Nearly all the work that has been done on the development of the “pituitary body has been concerned with its mode of origin and with the early stages of its growth. The later stages, although probably of greater physiological importance, have been comparatively neglected. The differentiation of the epithelium of the anterior lobe, the relations of epithelium to the nervous tissue of the posterior lobe, and the extraordinary differences
in the vascularity of its several parts are all features which need investigation. Its development in mammals has been followed chiefly in animals in
which the posterior lobe of the pituitary becomes a solid structure at a
comparatively early stage. In the cat, this lobe remains hollow throughout
development, and presents peculiarities of morphological interest which are
not found in the pituitaries of other animals. The structure of the posterior
lobe in the cat is also of a simpler character, and the nature and arrangement of the cells found in it can be interpreted more readily than in the
case of those animals which possess a solid lobe. For these reasons the
pituitary body of the cat forms the basis of the description in this paper.
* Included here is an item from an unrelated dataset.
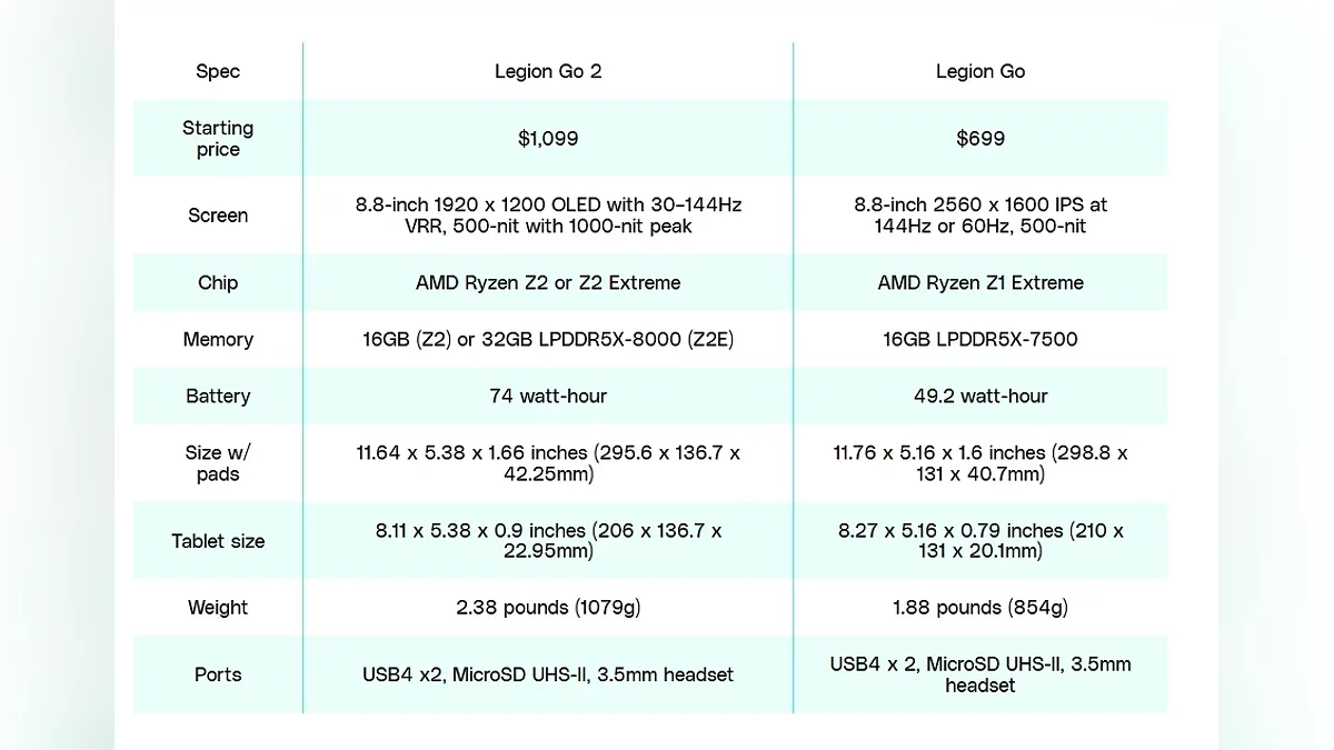 Главным сюрпризом для многих стала стоимость Legion Go 2, ведь стартовая цена составляет $1 049 (около 85 000 рублей) за базовую версию с чипом Z2, 16 ГБ ОЗУ и 1 ТБ памяти, а топовая комплектация с процессором Z2 Extreme и 2 ТБ накопителя может достигать $1 480 (около 120 000 рублей), что существенно дороже оригинальной модели, которая изначально стоила $700 (около 57 000 рублей). Старт продаж запланирован на октябрь.

The embryos of man, ox, and pig, which furnish a different type of pituitary,
have also been eizamined, and some of the more important features presented by them receive attention.
Historical
The pituitary body was at one time thought to be wholly derived from the brain, but Rathke (26) in 1838 described the invagination of mucous membrane which is now known as Rathke’s pouch. Rathke rightly assigned to this pouch the origin of the epithelial portion of the pituitary, but was mistaken in believing it to be derived from the entoderm of the fore-gut. His view was not at once accepted. Reichert (28) failed to find the invagination, and put forward the theory that the epithelial portion of the pituitary is a structure of mesodermic origin derived from the anterior end of the notochord. His (14«) lent additional support to Reichert’s view, but made no special investigations of the subject himself. Both Rathke (27) and Reichert (29) subsequently changed their opinions, the latter believing the anterior lobe to arise from a proliferation of the cells of the pia mater. Dursy (8) sought to unite the original view of Rathke with that of Reichert and His, and described the origin of the epithelium of the pituitary from the fore—gut, and the origin of its vascular stroma from the tissue of the head of the notochord. W. Miiller (23) demonstrated that the anterior lobe of the pituitary is derived from Rathke’s pouch, but fell into the same error as Rathke and Dursy in believing it to be of entodermic origin. The later researches of Gotte (12) and Balfour (3) showed that the pouch described by Rathke is derived, not from the fore-gut, but from the epithelium of the buccal cavity immediately in front of the oral plate. The pouch is now recognised as an ectodermic structure.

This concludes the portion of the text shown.